Ground Pine and Hope

ground pineOnce a year my Mom would send my Dad and my brothers and I out in the woods in search of ground pine. It was almost always in November and through the years, Dad became so used to the different areas where it grew that it was less searching for ground pine as it was picking it up from the woods. This interesting little plant – or weed, some would say – was a needed ingredient in our annual Advent Wreath creation in the Sears home.

I remember several wreaths. There was one that was made out of an old piece of a stump. There was one created in Cub Scouts with acorns arranged as candle holders. There was one that was made of metal one year, but that one didn’t last. I don’t think any of us liked it.

It was the tradition in the home of my youth together on the Sunday evenings of Advent to light our candle for that week, read Scripture and pray together as a family. Most of the time, I must admit, I was just praying that we would be done in time for us to watch “The Wonderful World of Disney.” And yet, despite the lack of attention that I gave to the whole ritual, something about it stuck with me.

Maybe it was the fresh smell of the ground pine. (I don’t think I mentioned that we would pick enough of this stuff so that mom could keep some “wet” and change it out each week.) Perhaps it was the flicker of the flame on the candles. It might even have been the way that my two brothers and I would fight with one another over the right to light the candles or better yet to blow them out and let the hot wax “accidentally” drip into our hands as we did so.

Something stuck about Advent because this is the time of the year when I become my most hopeful.

I look at the headlines of a burning city in Missouri. I realize that I will never see the world, never understand power, never truly grasp what justice means to someone of a different race than my own. I watch our nation grapple with figuring out how to handle such things and I hear so many voices crying out “doom”. But not me. I remember the evergreen of Advent and know that somewhere in the presence of Jesus there is hope.

I look at the area I live in – Southern West Virginia – and I listen to so many people talk about how we are losing everything because Coal is no long King. I wish I could buy into that message and join the war against the war against coal. But I don’t. This time of year, I see the evergreen and I can’t help but think that there is a greater King than Coal. Sure, he was born in a stable. He was one of the poor. But maybe why that is why we should hold him as our King even more. He truly is one of us.
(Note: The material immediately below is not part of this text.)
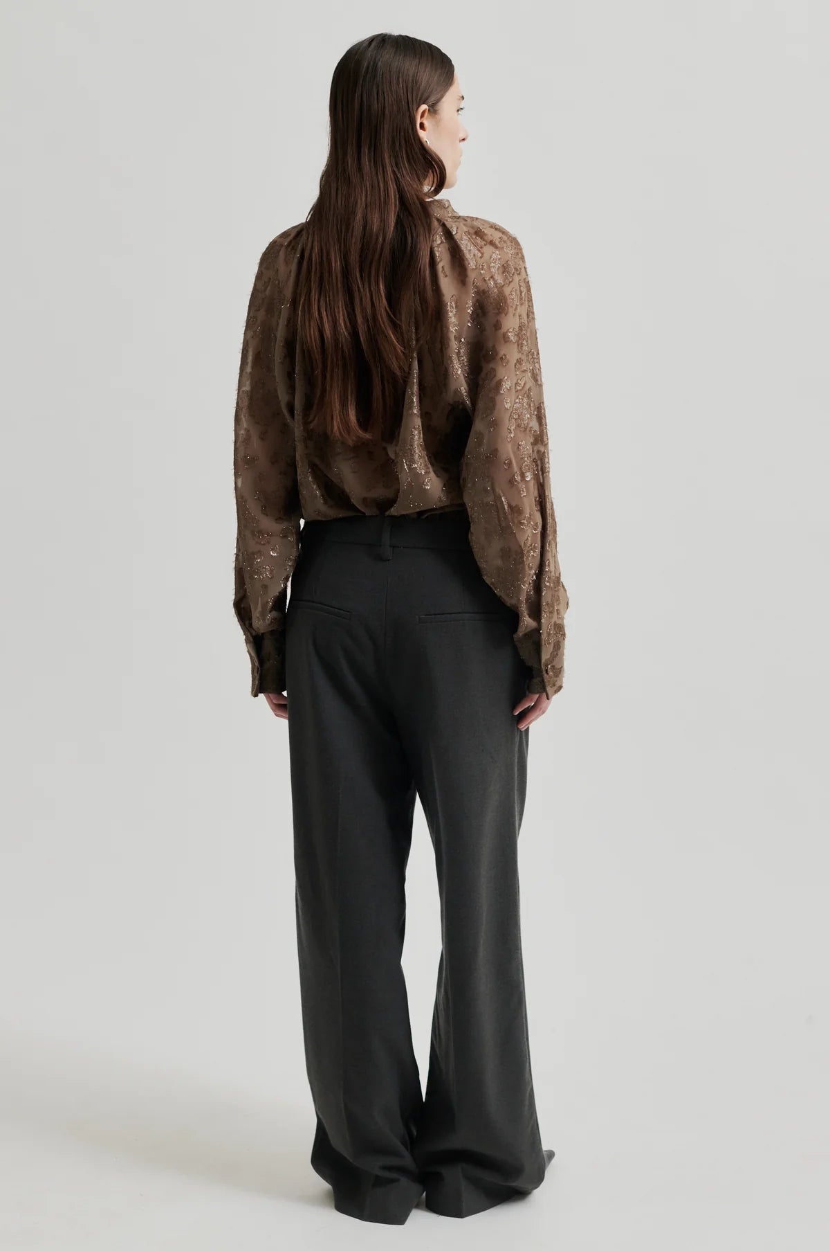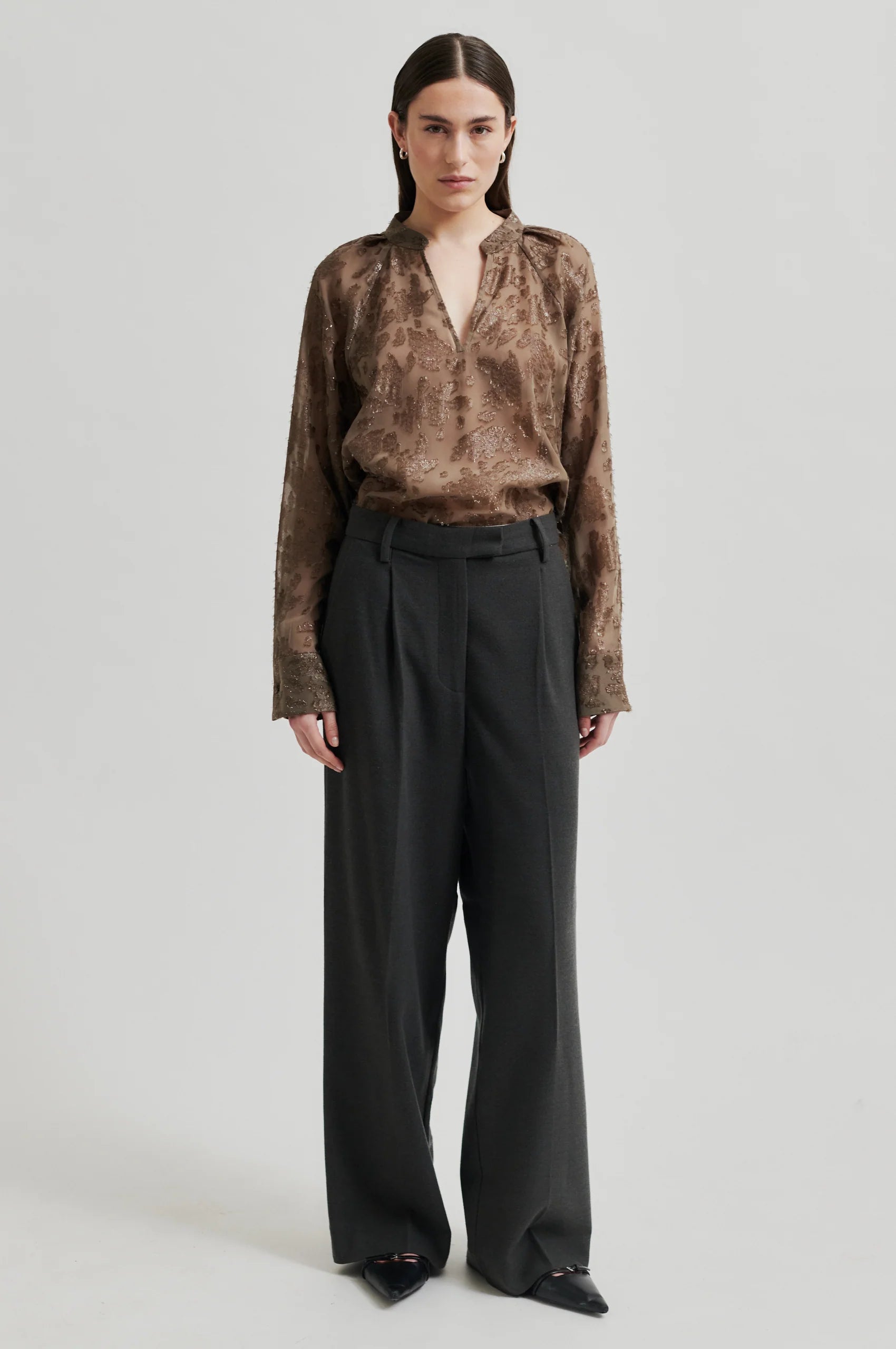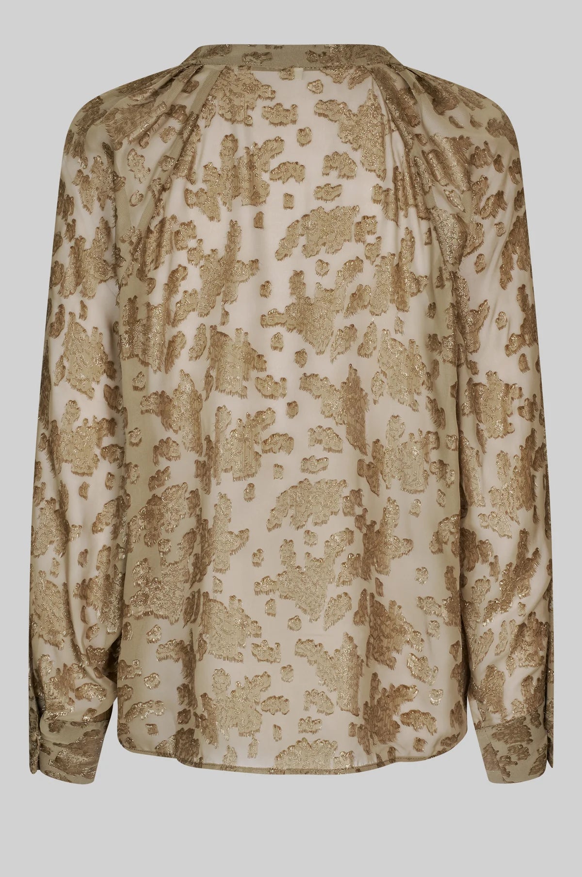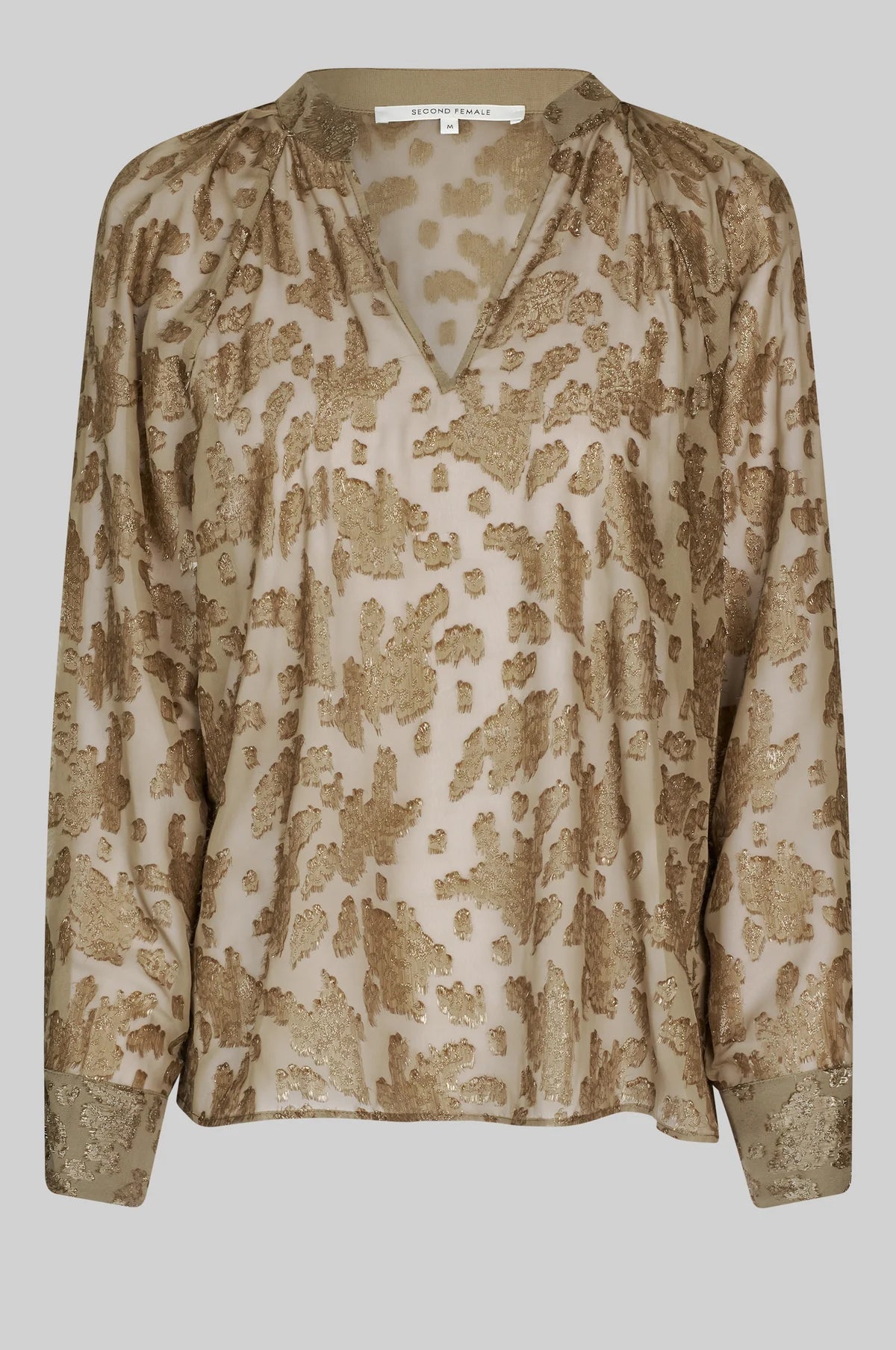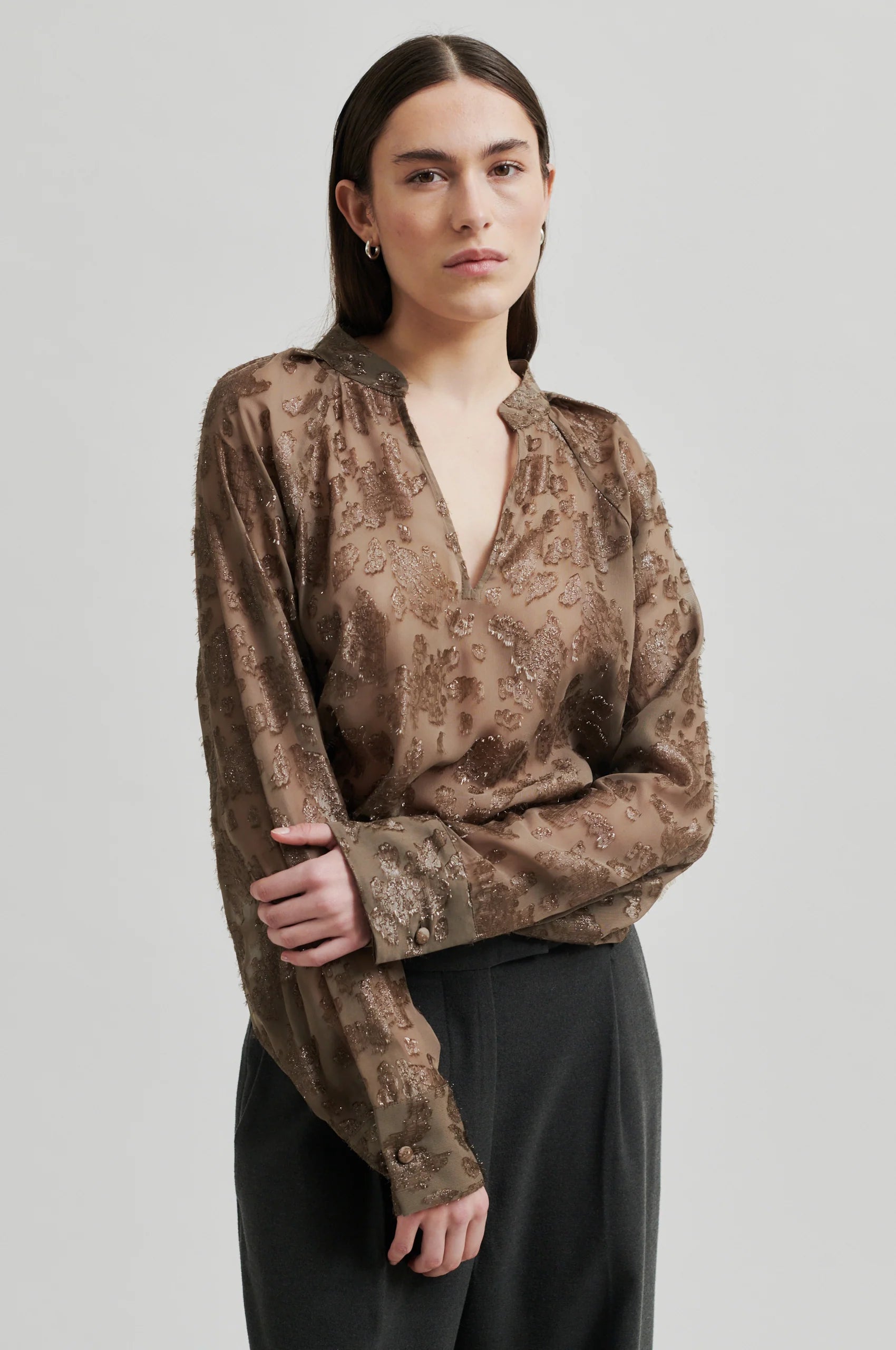 Carisa er en teksturert bluse fra Second Female som er laget av lett, semitransparent stoff med et glitrende, teksturert mønster. Blusen har en liten ståkrage og åpen halslinje, med fine rynker rundt halsen som skaper ekstra volum. Den har raglanermer med skjortemansjetter og knappelukking, noe som gir et klassisk preg. Den løse og flytende silhuetten gjør denne blusen til et perfekt valg for en elegant og moderne stil.

I look at mainline churches and notice the struggle that so many are having. Some are fighting within about beliefs and doctrines. Others are the ever present worship war. Some are watching their average attendance plummet because members do not commit themselves to attending as often. Some of them, like the church I serve, are watching budget shortfalls eat away at the hope people have for continuing to do the ministry we already have and the flame of any new idea for ministry and mission.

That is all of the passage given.